Losing a spouse is one of the most difficult things a person can experience. Yet, when it comes to estate planning, many fail to consider the impact that remarriage can have on their children. If your parent passes away and their estate is left outright to their second spouse, you may find yourself facing a loss not just of a parent, but also of any inheritance you were counting on. In this blog, we’ll explore why planning ahead for second spouses is crucial when it comes to protecting your estate, and what you can do to ensure your loved ones are taken care of.
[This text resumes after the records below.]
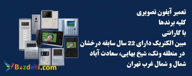 تخصصی ترین مرکز تعمیرات آیفون تصویری کلیه برندها در تهران با کادری مجرب و حرفهای استفاده از قطعات اورجینال، اعزام کارشناس در اسرع وقت به محل مبین الکتریک دارای سابقه 20 ساله در منطقه ونک سعادت آباد ولنجک ..... شمال و شمال غرب تهران تعمیر تخصصی آیفون تصویری کوماکس، تابا، کوکوم، هیوندای، کالیوس، تک نما، اکو، کنوی، سوزوکی، سیماران و .... رفع مشکل باز نشدن درب توسط آیفون تصویری رفع مشکل زنگ نخوردن آیفون تصویری رفع مشکل آبی شدن تصویر آیفون تصویری رفع مشکل نداشتن تصویر آیفون تصویری رفع مشکل تداخل زنگ واحدها در آیفون های تصویری رفع مشکل نویز صدای آیفون تصویری رفع مشکل برد تغذیه آیفون تصویری طبق تعرفه های مصوب و مشخص
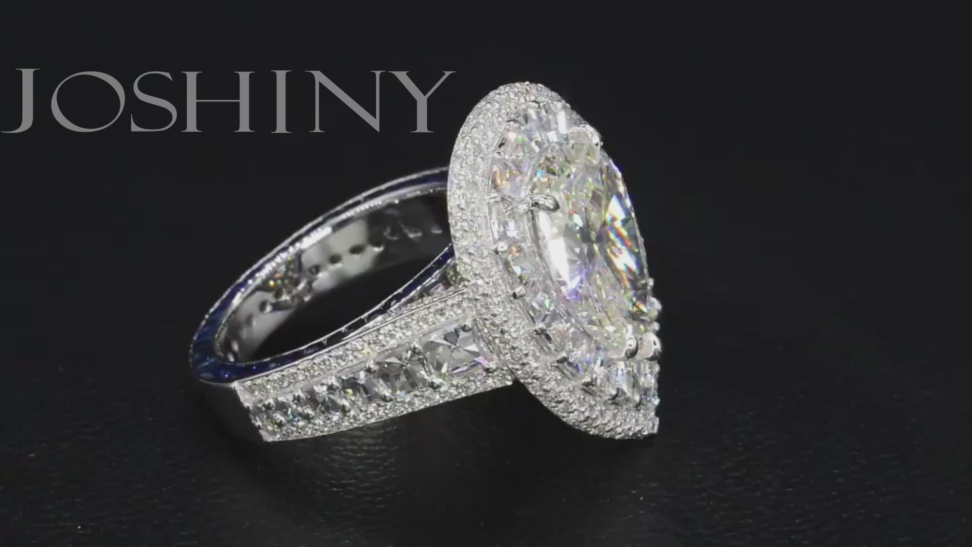 The dazzling pear-shaped gemstone ring, with its teardrop shape capturing countless rays of light, features a double-layered cluster of gemstones surrounding the main gemstone and a staggered trapezoidal gemstone arrangement on the band. It is a luxurious badge of honor in the vow of love, giving her a lifetime of brilliance.
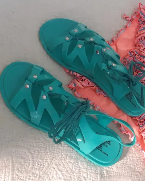 Sandalias de playa. Sandalias de plastico tipo romanas con agujeta, talla 6 , nuevas .

Parents Remarrying Is Natural
The reality is, the vast majority of people whose spouses die do remarry. While this is a natural part of the grieving process, it can have serious implications for the children of the deceased. If your parents leave their estate outright to their second spouse, as most do, that money will go to their own children, and not to you. It’s not that your stepmother or stepfather is a bad person. It’s just human nature that they will want to protect their own children’s interests. This is why, if your parents haven’t planned ahead, chances are great that their children will pay the price. To avoid this, it’s important to have an honest and open conversation with your parents about their wishes for their estate, and to ensure that these are reflected in their estate plan.
Loosing Your Inheritance
Let’s take the example of Bill and Ann. Bill and Ann had a longtime marriage, a lot of kids, and a lot of grandchildren. They always fought over one thing, whether or not to put an inground pool in the backyard. Bill didn’t want the pool, but Ann did. So when Bill died, Ann had a simple will that left all of his money outright to her. The first thing Ann did was put in that pool, and it worked great. However, when the fall came, Ann was left alone with a pool, but had no one to spend time with.
Of course, this example is just one scenario, and everyone’s situation is unique. The bottom line is that no one can predict the future, but everyone should plan for it. If you want to protect your estate and ensure that your children are taken care of, it’s important to work with an experienced estate planning attorney who can help you develop a comprehensive plan that takes into account all of your wishes for your estate, including your wishes for any second spouse.
Creating A Trust To Protect Your Family
One option is to create a trust that provides for your second spouse during their lifetime, but ensures that your assets are preserved for your children after your second spouse’s death. Another option may be to work with your second spouse to develop a plan that takes into account both of your wishes for your estates. Whatever your situation, the key is to have an open and honest conversation with your family, to ensure that everyone is on the same page, and to work with an experienced attorney who can help you develop a plan that meets your unique needs.
Losing a spouse is hard enough, but finding out that your inheritance has been left to your stepmother or stepfather can make an already difficult situation even more challenging. To avoid this, it’s important to plan ahead for second spouses. By having an open and honest conversation with your parents about their wishes for their estate, and working with an experienced estate planning attorney, you can ensure that your loved ones are taken care of, and that your parent’s wishes for their estate are fulfilled. Remember, no one can predict the future, but everyone can plan for it.